Poêler is a cooking method especially for poultry and poultry parts with skin, butcher's meat with a skin or sinew cover (i.e. veal brisket), protein-rich fillings, and fish in its own skin.

The skin or sinew cover consists to a large proportion of collagen, which softens through moist cooking at medium heat – at about 100 °C – and stores humidity. (When cooked at high, dry heat, the collagen gets hard and brittle; fat and meat juices can be lost.) Fat cells of the hypodermis give off water, even if only small amounts are available.

The muscle tissue underneath the skin is low in collagen but rich in water, albumin and globulin, and cooks best at medium heat of 70 °C (optimum) to 80 °C (maximum).
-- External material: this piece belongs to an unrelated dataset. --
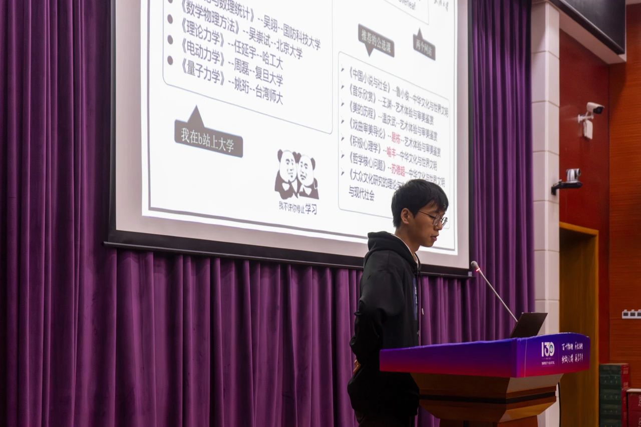 罗同学从转专业、参加课题组、学科竞赛以及学习之外的方面进行介绍。关于“转专业”,转专业的时间在大一下,他建议有此方面需求的同学可以在寒假期间于辅导员、学工部等处了解相关信息。关于“课题组”,罗同学建议大家可以在大一、大二时提前了解,旁听课题组的组会,大三去询问物理老师参加课题组。关于“竞赛”,罗同学建议大学在大一可以尝试数竞和物竞,大二去参加数学建模相关竞赛。此外,罗同学推荐同学们参加夏令营,并推荐了一个电子书的网站。他还建议同学们假期之中可以通过支教等志愿活动丰富大学生活,锻炼自己的同时可以缓解学习上的压力。

Thereby the water binding properties of the proteins albumin and globulin unfold and only a very small part of the meat juices evaporates. Collagen stored in the muscle also softens during moist cooking and absorbs some water. Therefore the texture of the meat stays juicy.

Towards the end of the cooking time the skin is soft and slack. High temperature dries it up fast and turns it to a delicate and crispy crust without damaging the underlying muscle tissue.

Poêler is similar to steam-frying which is mostly used for vegetables. For steam-frying a heavy skillet is used. The vegetables are stirred over a high heat and very small amounts of liquid are added once in a while to prevent sticking. This cooking method also ranges between steaming and frying.